- Les personnes vivant dans des zones plus densément urbanisées ont un risque réduit d’environ 2,5 % de faire un premier AVC.
- L’association observée persiste après avoir pris en compte des facteurs individuels (âge, sexe, ethnie, maladies comme le diabète ou l’hypertension), ce qui suggère que l’environnement urbain lui-même joue un rôle.
- Les zones plus urbanisées favorisent l’accès "aux soins de santé, aux commerces alimentaires, aux transports en commun et aux infrastructures pour l'activité physique telles que les trottoirs, les pistes cyclables et les parcs."
Le risque d'accident vasculaire cérébral (AVC) peut être influencé par le niveau d'urbanisation d'un quartier, ce qui peut à son tour avoir une incidence sur l'accès à des éléments environnementaux favorables à la santé ou sur l'exposition au bruit et à la pollution atmosphérique. Dans une nouvelle étude, des scientifiques de l’université du Michigan ont ainsi voulu examiner l'intensité de l'urbanisation en tant que facteur susceptible d'influencer le risque d’attaque cérébrale. Pour ce faire, 25.330 personnes, dont la moitié était âgée de 45 à 64 ans, ont été suivies pendant environ 10 ans. Ensuite, l’équipe a utilisé des informations de la base de données satellitaires de l'United States Geological Survey. "Nous avons mesuré l'intensité du développement au fil du temps sur des réseaux routiers de 8 km entourant 34.368 sites résidentiels", a-t-elle précisé.
Une exposition à une intensité de développement plus élevée diminue le risque d'AVC
D’après les données, l'intensité moyenne de développement au départ était de − 2,9. De 2003 à 2017, 1.319 participants (soit 5,2 %) ont subi un AVC. Les résultats, publiés dans la revue Cities & Health, ont montré que les résidents de zones plus urbanisées, caractérisées par une plus grande densité de bâtiments, de trottoirs et d'infrastructures, présentaient un risque d’attaque cérébrale initial inférieur de 2,5 % à celui des résidents de zones moins urbanisées. Les auteurs ont constaté que le lien entre un développement à intensité élevée ou moyenne et un risque réduit d'AVC persistait, même après avoir pris en compte l'âge, l'origine, le sexe et les affections préexistantes telles que le diabète et l'hypertension artérielle.
L’importance de "l'aménagement d'environnements favorisant la santé cardiovasculaire et l'activité physique"

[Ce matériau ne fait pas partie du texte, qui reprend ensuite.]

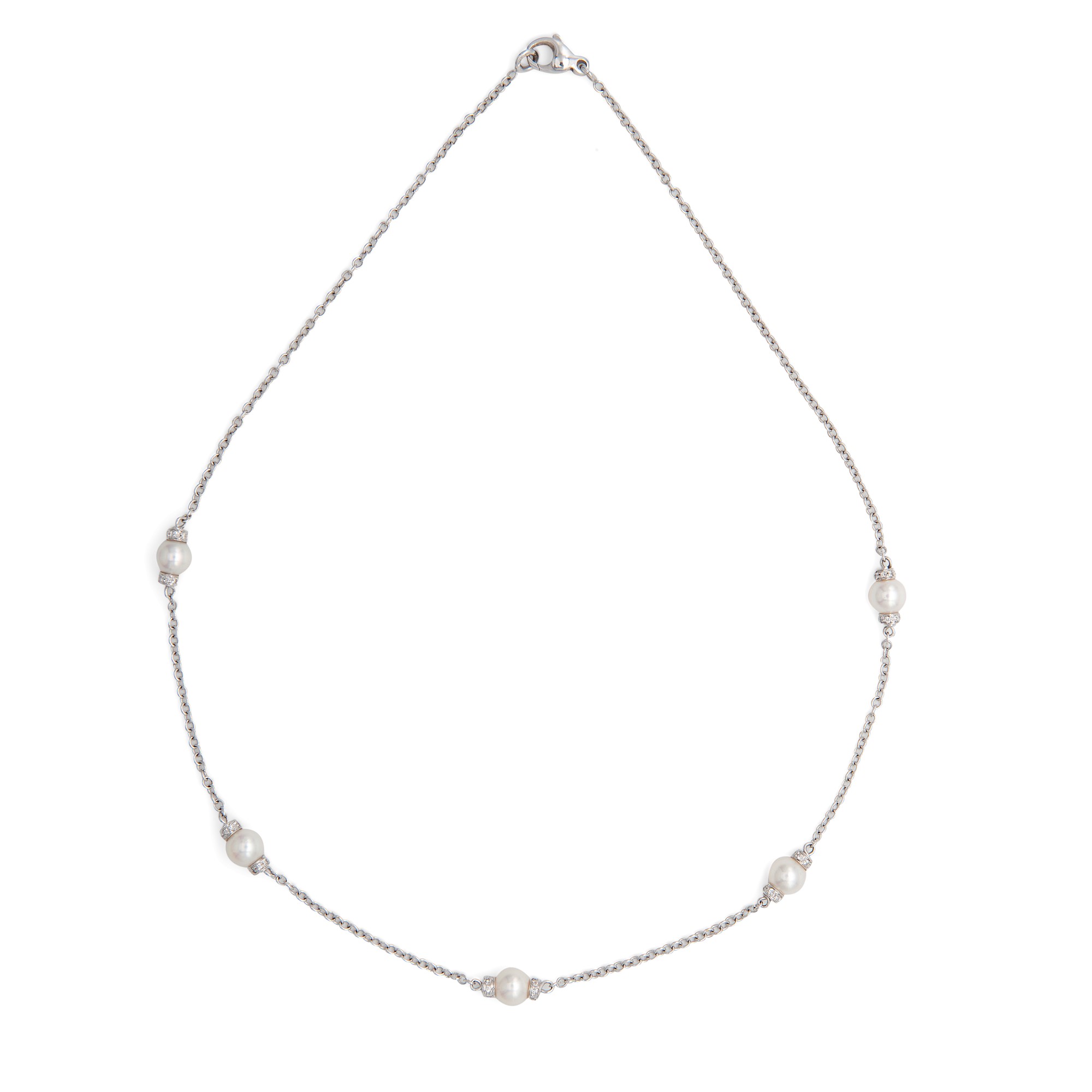 Oro bianco 750/000, perle da coltivazione in acqua marina mm 6 e brillanti. Peso complessivo gr 6,4.
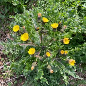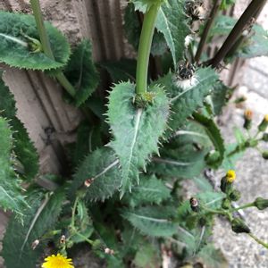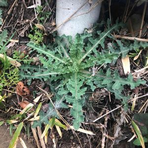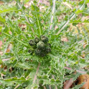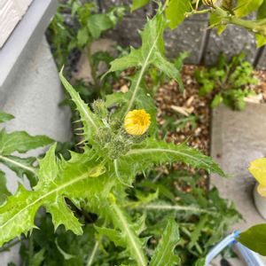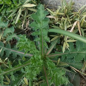 遊歩道のオニノゲシかなと思います。 トゲトゲがスゴイです。 写真撮ってると柵の向こうから犬が吠えまくり、心臓が止まるかと思いました😵
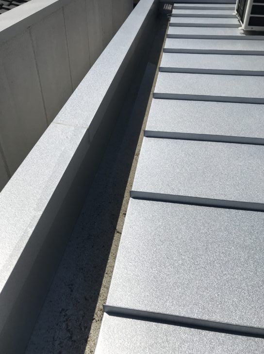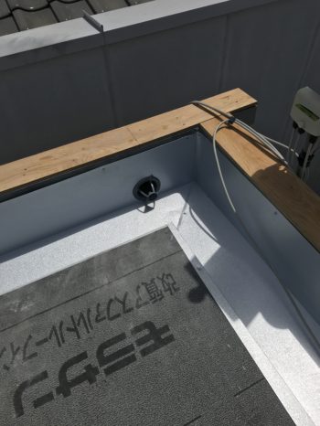 屋根下方部に雨水受けとしての箱樋を設置しました。
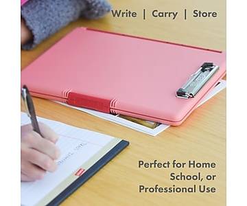 Introducing the Dexas International Slimcase 2 clipboard with storage and side opening, a perfect solution for streamlined organization and efficient storage on the go. Whether you're a student, teacher, professional, nurse or tradesperson, this versatile clipboard accommodates all your needs. Crafted with a sleek and slim design, this portable clipboard combines style and functionality seamlessly. The durable plastic construction ensures longevity, making this clipboard a reliable companion for daily use in various settings, from school to the office and even the field. Equipped with a convenient side opening, this clipboard offers ample storage space for all your essential office supplies, including pens, pencils, field notes, and documents. Say goodbye to cluttered desks and disorganized bags: with the Dexas Slimcase 2 clipboard with storage, everything stays neatly organized and easily accessible. Great for use in home offices, classrooms, workshops, or on the job site, this clipboard serves as a versatile tool for professionals in every field. Whether you're a nurse needing a reliable nursing clipboard or a student juggling multiple assignments, this clipboard organizer has you covered. Say hello to an efficient organization wherever you go. - Experience the perfect blend of style and functionality with this clipboard with storage, making a perfect addition to your collection of office supplies - Measures 9.5 x 12.5 and is designed to hold standard notebook paper - Made of high-impact, break-resistant plastic to protect contents and last for years; comes in one of two assorted colors: blue or pink - Boasts an impressive amount of interior storage space in a slim design - Storage compartment latches closed securely, making it perfect for organizing and protecting contents from weather, spills, and more - Durable plastic construction ensures longevity, making this clipboard a reliable companion for daily use in various settings, from school to the office and even the field - Proudly made in the USA
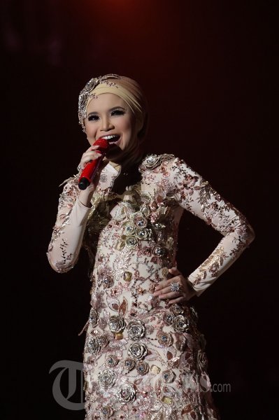 Aksi panggung penyanyi Sri Rossa Roslaina Handiyani atau lebih dikenal Rossa saat saat tampil pada konser ekspresi karya gemilang di MEIS Ancol, Jakarta Utara, Senin (10/12/2012) malam. (Tribun Jakarta/Jeprima)
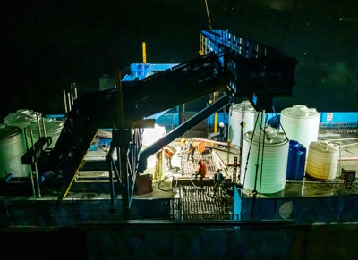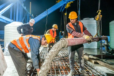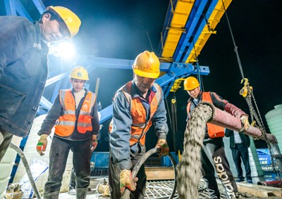 图为2025年1月18日晚,中铁十局的建设者挑灯夜战在西渝高铁四川省华蓥市清溪口特大桥跨沪蓉高速公路128米连续梁中跨合龙现场紧张作业。(邱海鹰)
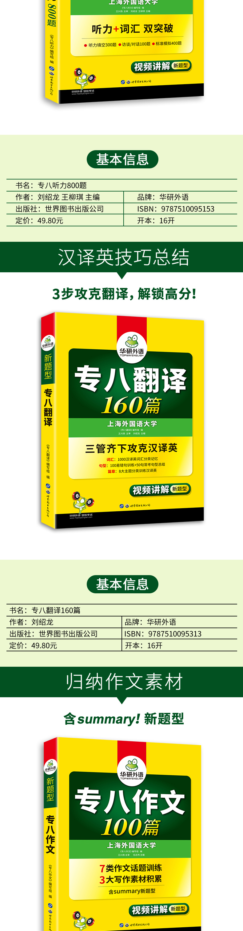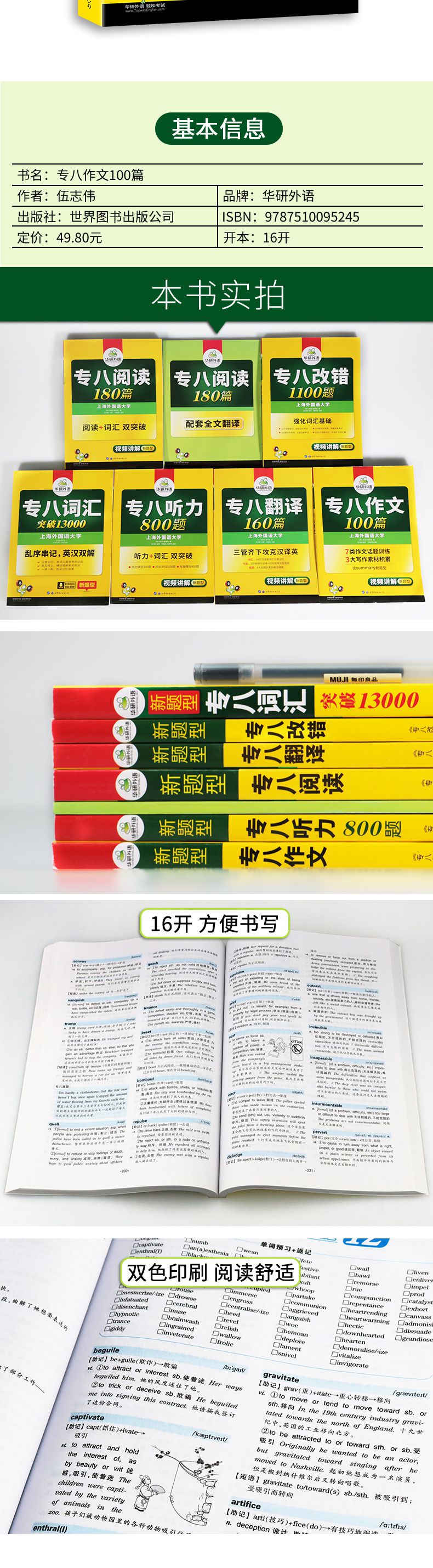 专八系列 共6册 出版时间 2017-05-01T00:00 英语专业八级 53510 作者: 华研外语 出版社: 世界图书出版公司 原售价: 318.80 折扣价: 143.46 折扣购买: 专八系列 共6册 ISBN: 9787510095191 作者简介 内容简介 上一篇:英语专业8级写作(第2版)/冲击波英语下一篇:新东方 专八词汇词根+联想记忆法 乱序版
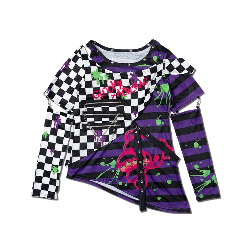 Chained separated long sleeve t-shirt created in a MIX of nostalgic Harajuku-kei and “Emo-punk” styles
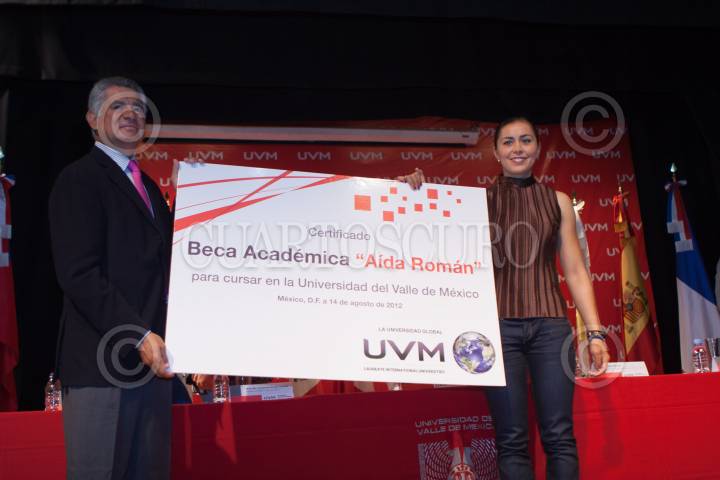 MÉXICO, D.F., 14AGOSTO2012.- El Maestro José Angel Ortega, Presidente de la Universidad del Valle de México y la Arquera Aída Román, medalla de Plata en los pasados Juegos Olímpico de Londres 2012, presentaron ante los medios de comunicación la beca "Aída Román" la cual estará destinada al apoyo de algún atleta de esa casa de estudios. FOTO: FRANCISCO RODRÍGUEZ /CUARTOSCURO.COM
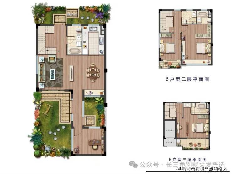 整个小区采用立体分层式空间设计,地上三层满足多代人生活需求,
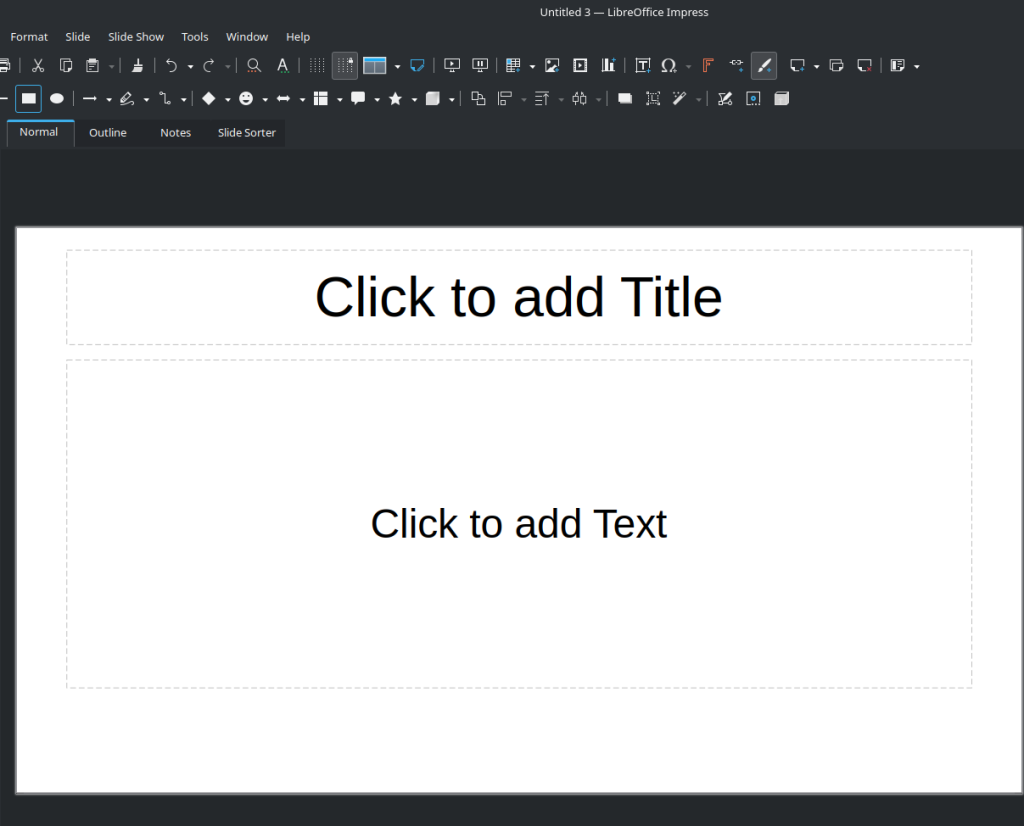 First, open up a LibreOffice Impress file. My preference is to start with a blank one that looks like this:
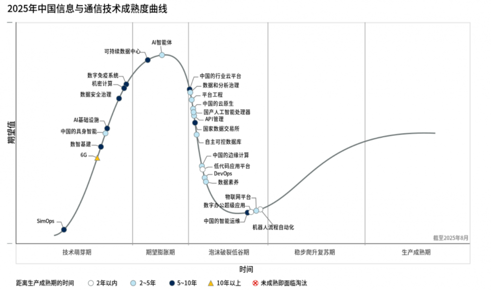 IT行業的技術更迭是無法忽視的,CIO不僅希望通過“平衡游戲”來貢獻業務價值,也希望理解技術相關發展的最新動態。在此次成熟度曲線報告中,部分技術因為過時而被移除,或是被新技術所取代。其中比較明顯的案例便是5G被6G取代、生成式AI被AI智能體取代、工業互聯網被物聯網平臺取代。同時,像是去年中還存在的“數據中臺”因為被認為過時而移除,但在曲線中放入了新的“數智基建”。而像“軟件定義廣域網”“混合云計算”已經不再是CIO的優先事項,現已變為基礎設施經理需要關注的技術,所以也在曲線中進行了移除,也減輕了CIO的負擔。

"Un développement à forte intensité se caractérise généralement par une plus grande densité de logements et un plus grand nombre de commerces. Ces zones sont plus susceptibles de présenter des usages avec un accès aux soins de santé, aux commerces alimentaires, aux transports en commun et aux infrastructures pour l'activité physique telles que les trottoirs, les pistes cyclables et les parcs. (…) Pour les médecins, l'étude suggère que les facteurs liés au quartier, en plus des facteurs individuels, peuvent influencer le risque de premier AVC. Pour les urbanistes, les résultats indiquent que l'aménagement d'environnements favorisant la santé cardiovasculaire et l'activité physique pourrait contribuer à réduire le risque de premier AVC", a expliqué Cathy Antonakos, qui a dirigé les travaux.
Étant donné que l’étude n’a pas analysé les caractéristiques environnementales, les chercheurs comptent prochainement identifier les plus fréquentes dans les zones à forte intensité de développement que dans les zones moins développées.